II. Direito de petição
Depois de serem esgotadas as vias recursais com resultado desfavorável, o particular pode manejar uma impugnação à aplicação de penalidade administrativa exercendo seu direito constitucional de petição aos poderes públicos. A praxis demonstra que esta estratégia de defesa se mostra mais eficaz quando a petição é direcionada à autoridade máxima do órgão na hipótese de ela não ter participado do julgamento administrativo[1] em razão da estruturação das competências do órgão, embora possa ser dirigido à autoridade que julgou o recurso. Contudo, por se tratar de sucedâneo recursal e não recurso propriamente dito, a matéria passível de discussão nessa espécie de impugnação é restrita.

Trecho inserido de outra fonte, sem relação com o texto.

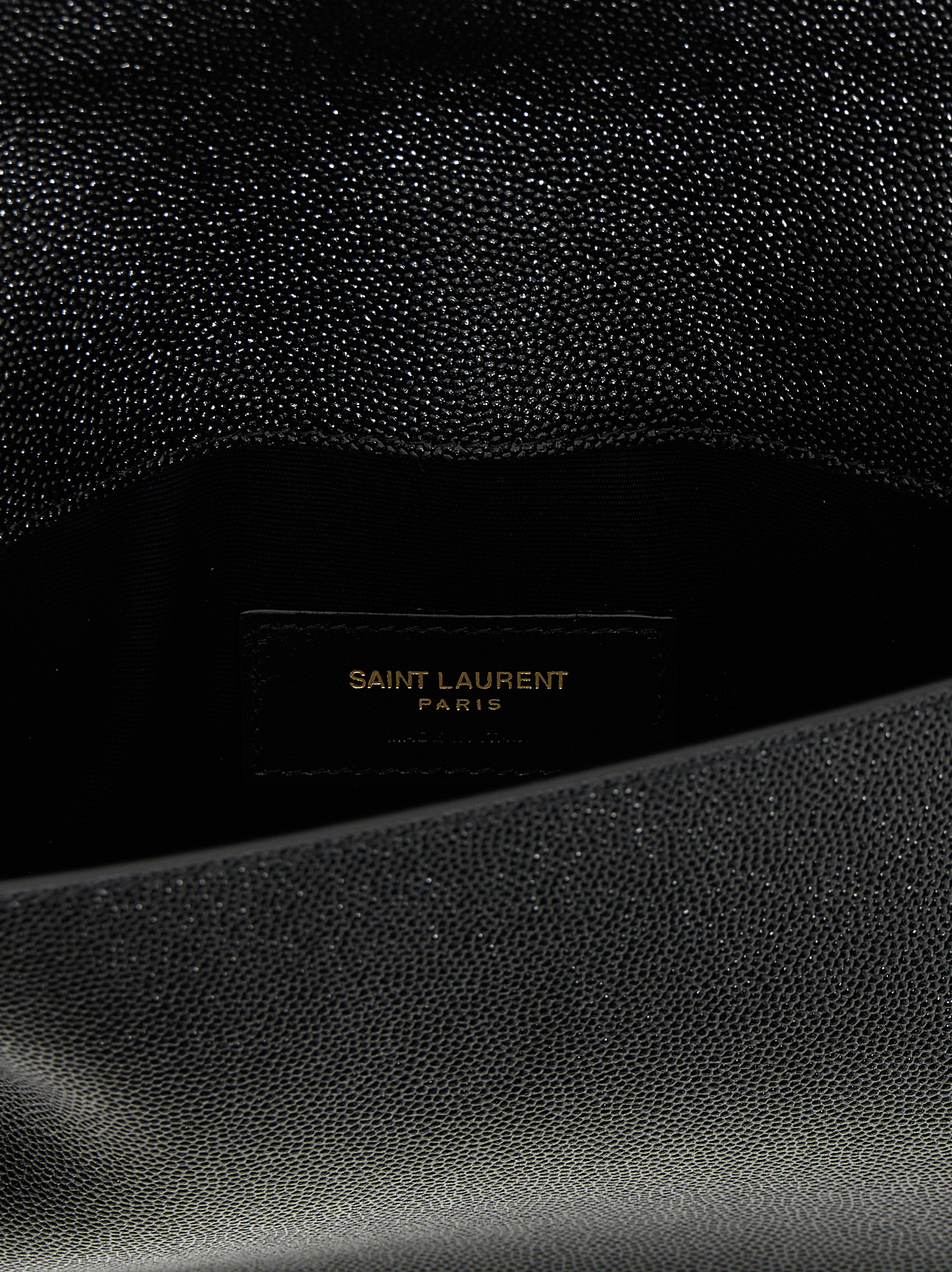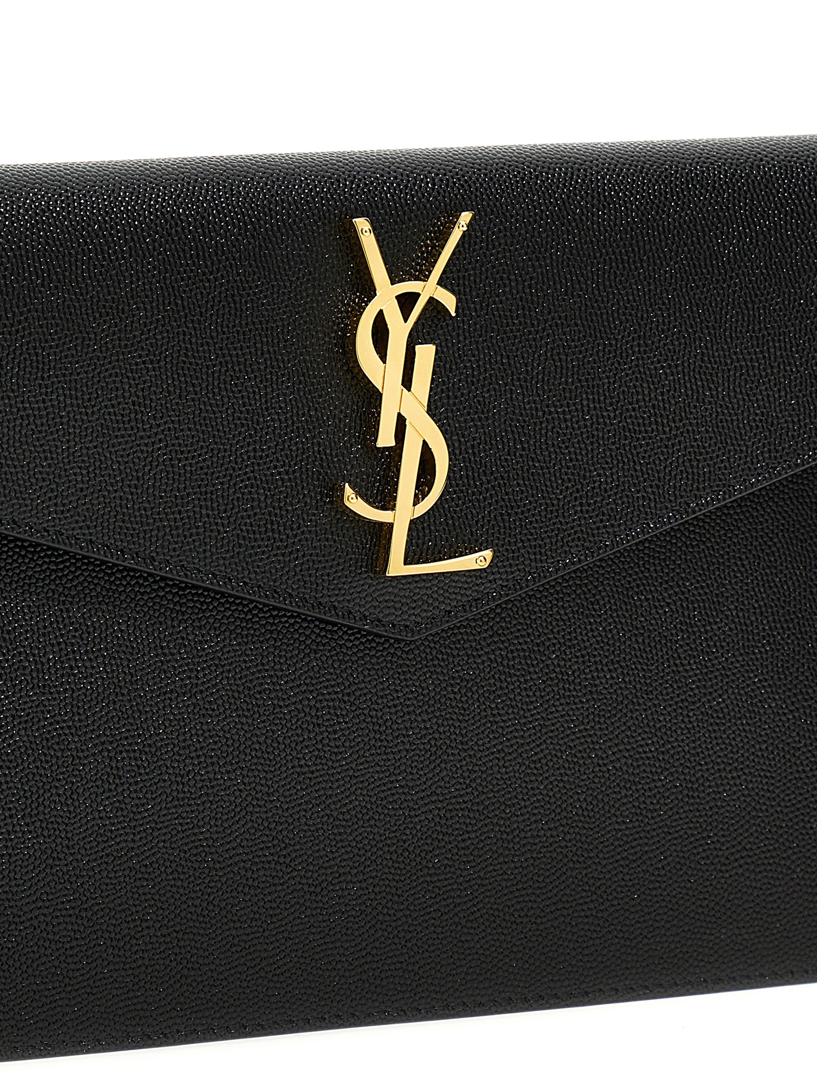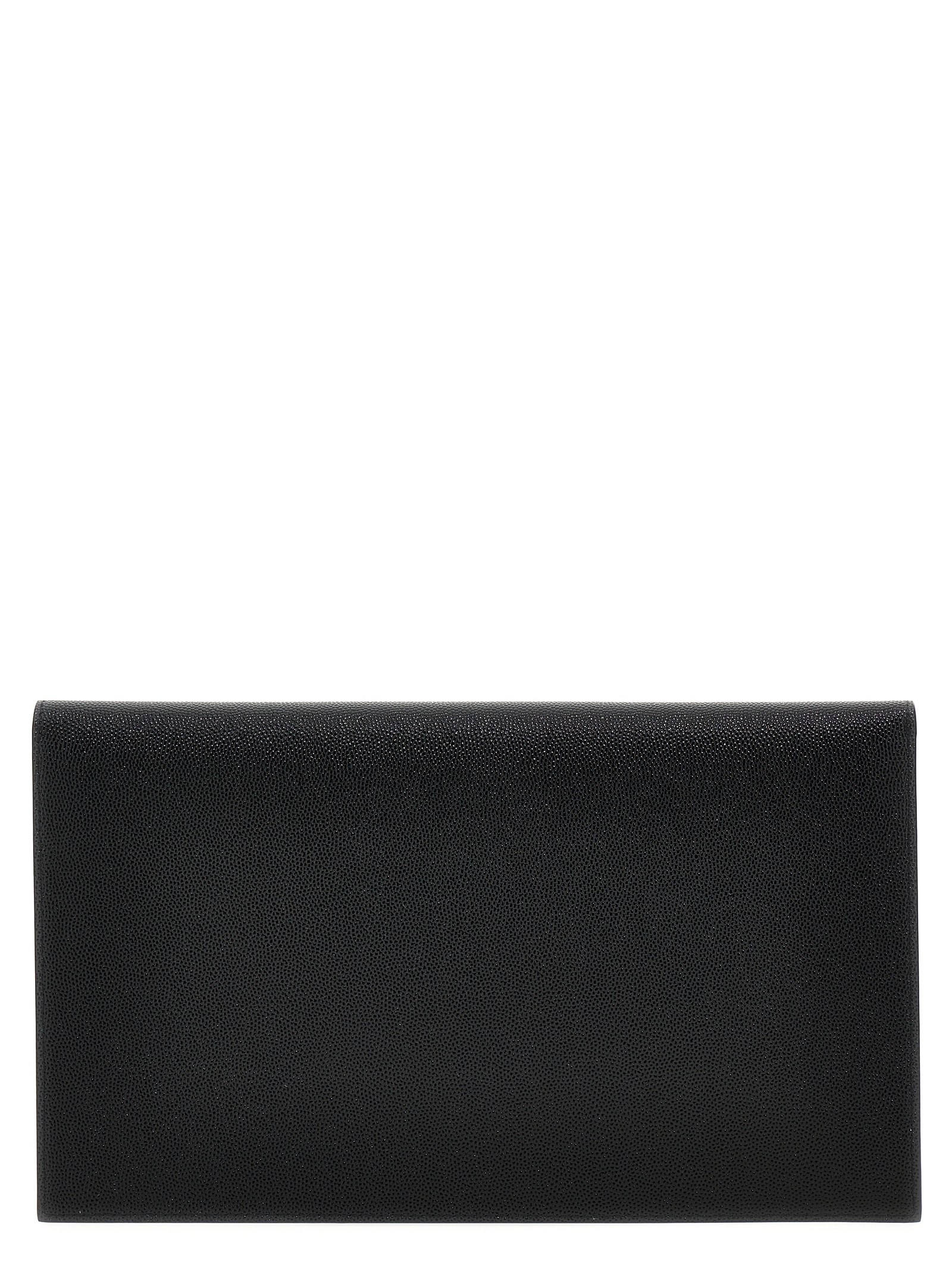 Uptown’ clutch bag in grain de poudre leather with YSL metal logo and a flap closure.

O direito de petição aos poderes públicos está consagrado como Direito Fundamental no art. 5º, inciso XXXIV, alínea “a”, da Constituição da República de 1988:
TÍTULO II
Dos Direitos e Garantias Fundamentais
CAPÍTULO I
DOS DIREITOS E DEVERES INDIVIDUAIS E COLETIVOS
Art. 5º Todos são iguais perante a lei, sem distinção de qualquer natureza, garantindo-se aos brasileiros e aos estrangeiros residentes no País a inviolabilidade do direito à vida, à liberdade, à igualdade, à segurança e à propriedade, nos termos seguintes:
(...)
XXXIV - são a todos assegurados, independentemente do pagamento de taxas:
a) o direito de petição aos Poderes Públicos em defesa de direitos ou contra ilegalidade ou abuso de poder;
Poder-se-ia argumentar que o art. 5º da Constituição Federal elenca direitos fundamentais da pessoa humana, ou seja, que não se incluiriam as pessoas jurídicas. Essa orientação, inclusive, já foi defendida por Pontes de Miranda[2]. Contudo, atualmente não há mais espaço para este debate, pois vários direitos previstos nos incisos do art. 5º referem-se às pessoas jurídicas, como a proteção às associações. Essa é a orientação de Alexandre de Moraes[3], da qual também comunga José Afonso da Silva:
(...) a pesquisa no texto constitucional mostra que vários dos direitos arrolados nos incisos do art. 5º se estendem às pessoas jurídicas, tais como o princípio da isonomia, o princípio da legalidade, o direito de resposta, o direito de propriedade, o sigilo da correspondência e das comunicações em geral, a inviolabilidade de domicílio, a garantia do direito adquirido, ao ato jurídico perfeito e à coisa julgada, assim como a proteção jurisdicional e o direito de impetrar mandado de segurança. Há até direito que é próprio de pessoa jurídica, como o direito à propriedade das marcas, aos nomes de empresas e a outros signos distintos (logotipos, fantasias, p. ex.).[4]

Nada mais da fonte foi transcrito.